で、その友人もちょっと変わってて(というか問題があるのだが)サインを書いてもらう本を持参しており、それがピカソの画集だったわけです。普通はサインする人の著作か、色紙などプレーンなものにするのが常識というものではないかと思うところだけども、友人は友人なりのリスペクトを持って差し出したようです。

ピカソの画集を差し出された岡本太郎氏、丹念にページを開き中を見て最後のページを閉じたときに言った一言

「ボクのがないね!」(ここは岡本太郎モノマネ風で)


…てな話を思い出しましたよ。それにしてもケーキなんか出しちゃってさ。コジャレた空間に収まっちゃってさ。もし氏があの世から見ているなら、こういう納まりのよさにはいやぁな気分をされることでしょうね。

ところで、この建物。下の地図の場所にあるわけですが、骨董通りから一つ入った小さな道沿いにあります。

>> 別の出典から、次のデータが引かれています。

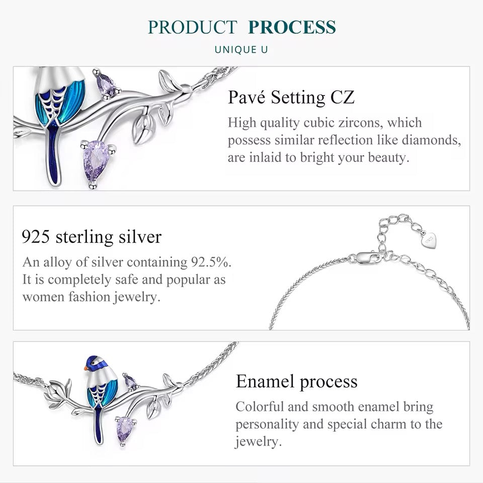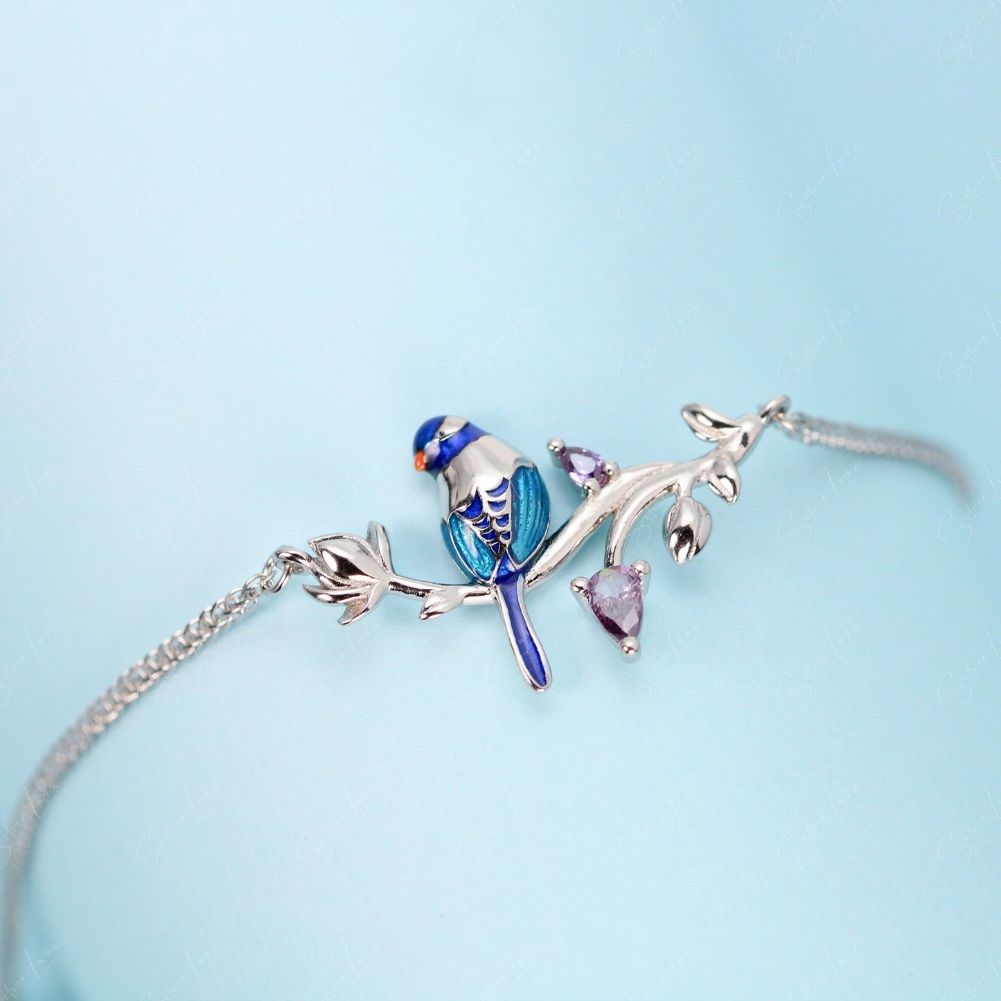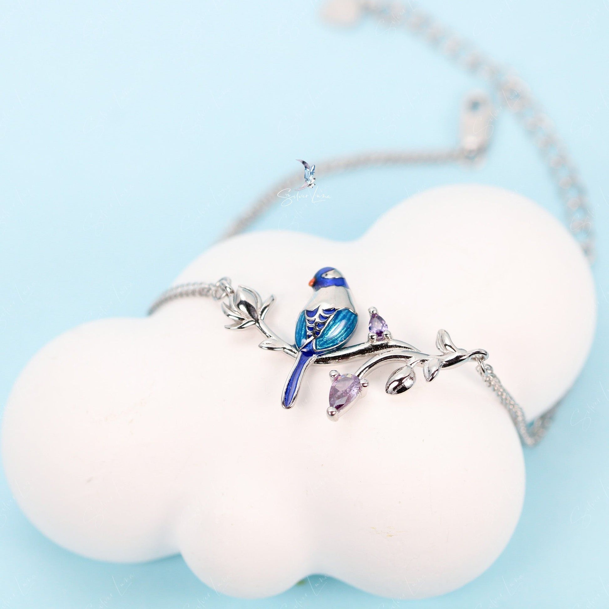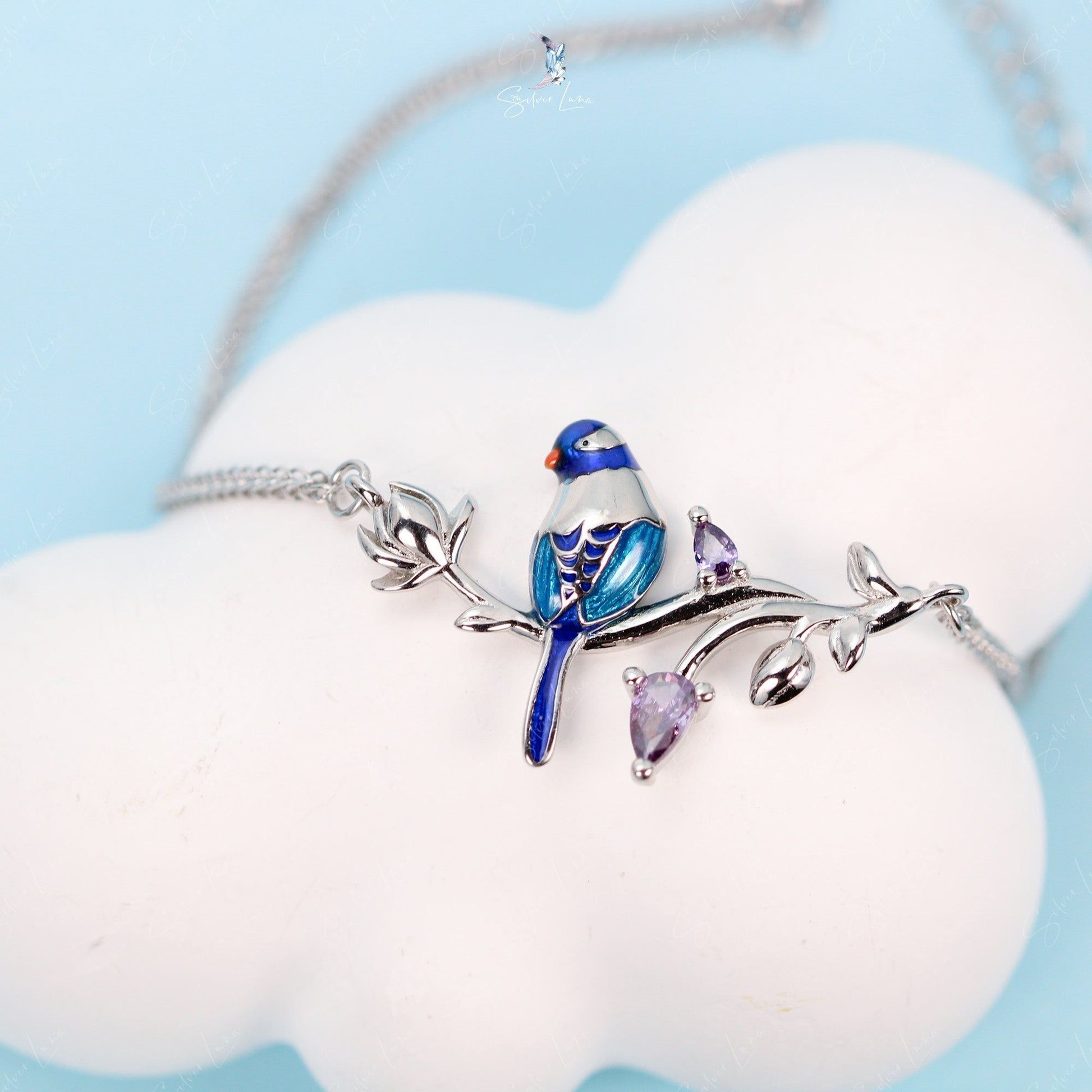 This stunning sterling silver bracelet showcases a charming mockingbird perched on a delicate floral branch with a pop of blue enamel. Crafted from durable 925 silver and coated in platinum for a luxurious finish that will last. Indulge in the beauty and elegance of this unique sterling silver bracelet. Adorned with a darling mockingbird and delicate floral details, it's a statement piece that radiates charm and sophistication. Made from high-quality 925 silver and coated in platinum, it's a durable and luxurious choice that will elevate any outfit.
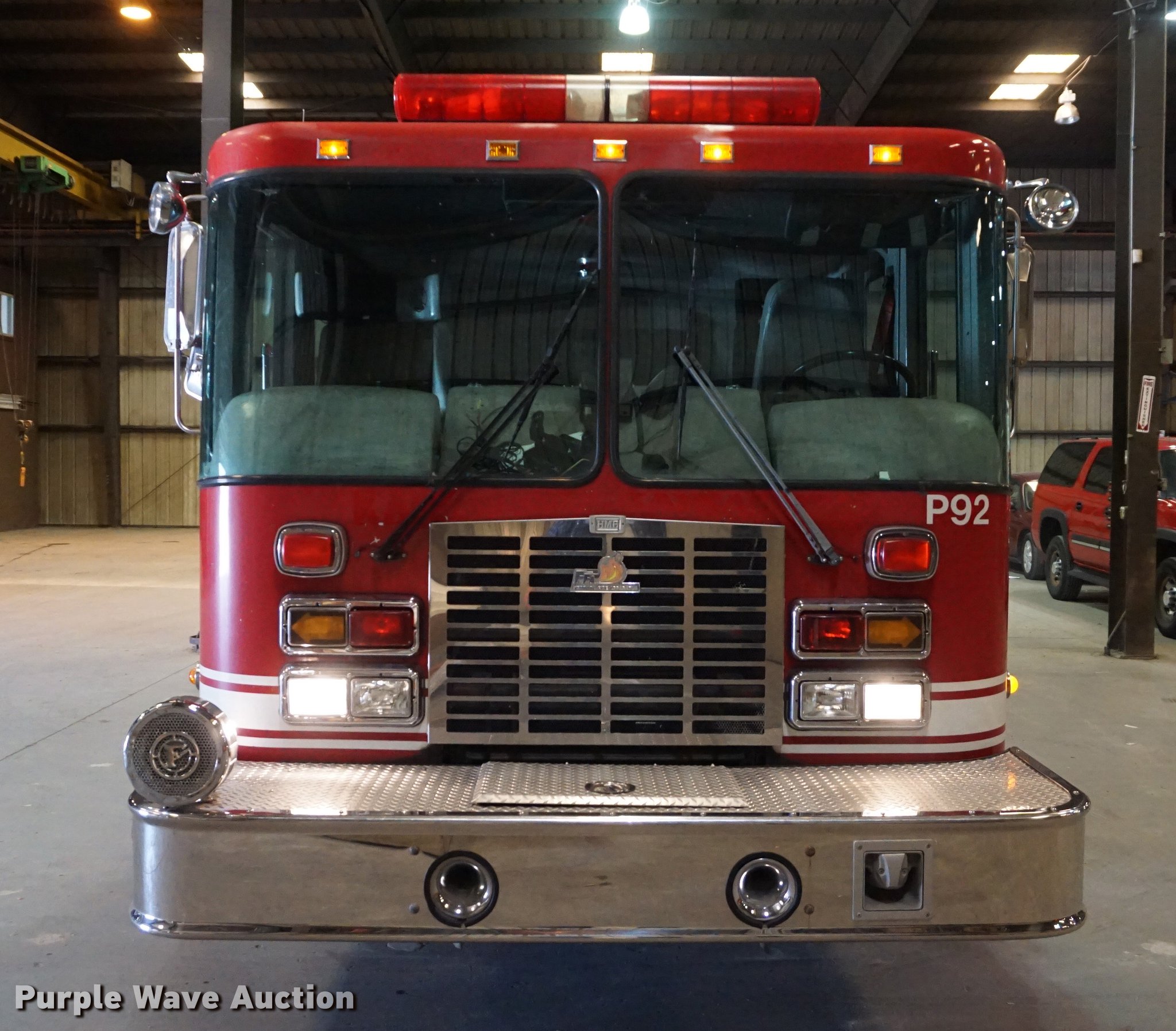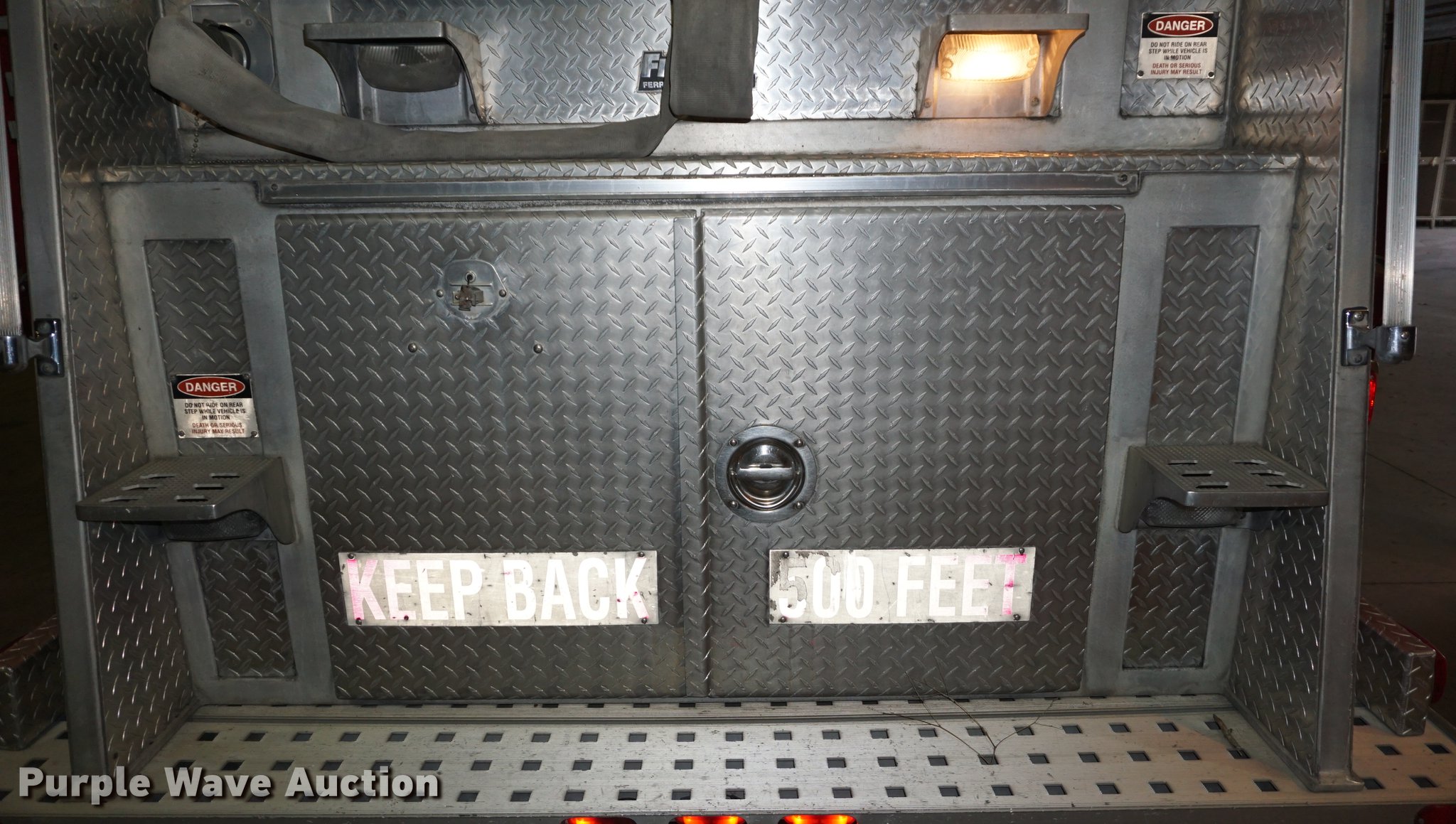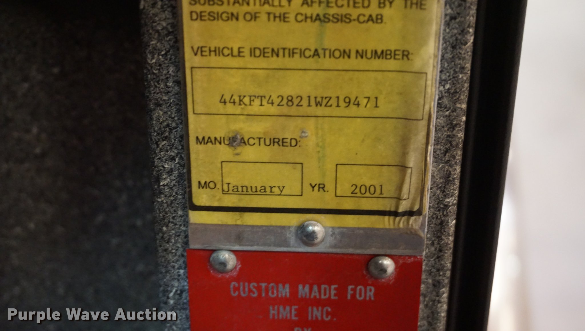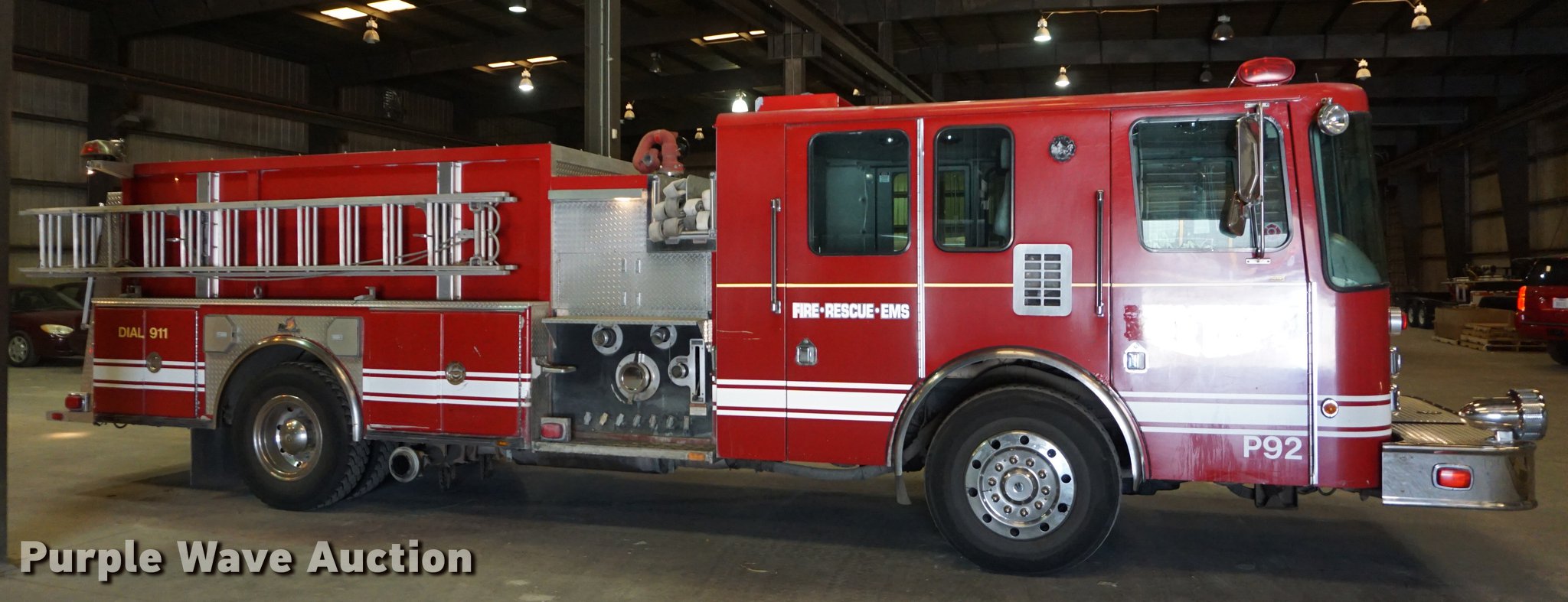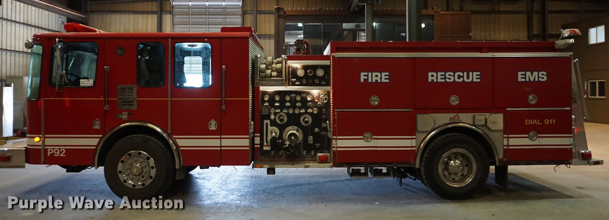 Purple Wave is selling a used Fire Truck or Emergency Vehicle in Kansas. This item is a 2001 HME pumper fire truck with the following: 85 hours on meter, Odometer display inoperable, Detroit Diesel Series 60 12.7L six cylinder turbo diesel engine, 400 HP, Allison automatic transmission, Single axle, AC and heat, Air suspension seat, PTO, 500 gallon tank, Hale OSC pump, 1,250 gpm, Hose, Ladder, Air brakes, 385/65R22.5 front tires, 11R22.5 rear tires, Unit# P92
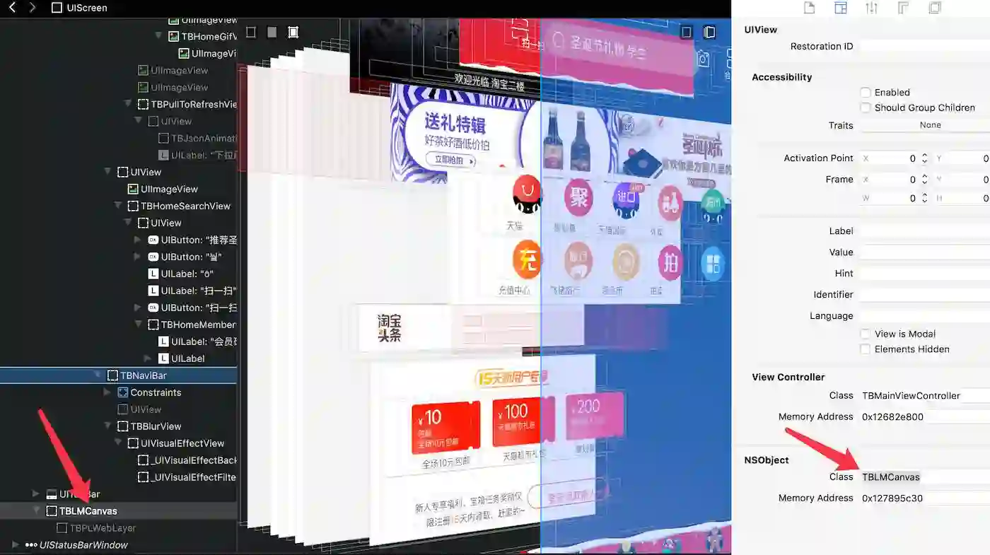 我已经大概知道了淘宝的实现原理了,我需要找到证实我猜测的那行代码。我从TBLMCanvas开始找它的父类TBLMTransparentView,我从TBLMTransparentView中发现了我想要的代码

「XX通り」と呼ぶにはあまりに短い。「爆発通り」という呼称はネタだったんでしょうねぇ。

コメント (2)

岡本太郎の著作、中学生の頃夢中になって読みました。僕の解釈の問題で、「他人に影響を受けないため、他の人の作品を見ない(聞かない)」とか、「絵は、展覧会などで本物を見なくても、画集などでよい」などしてしまったため、ちょっとあれでしたが・・・。

metro:

基本的に、そんなに悪いことは書いてないとは思うのですがそれでも誤解を生みやすいところや間違った点というものはあるものですね。

画集でよい、なんてことはないですね。そここそがイラストと絵画の違いで、絵画は印刷では分かりませんからねぇ。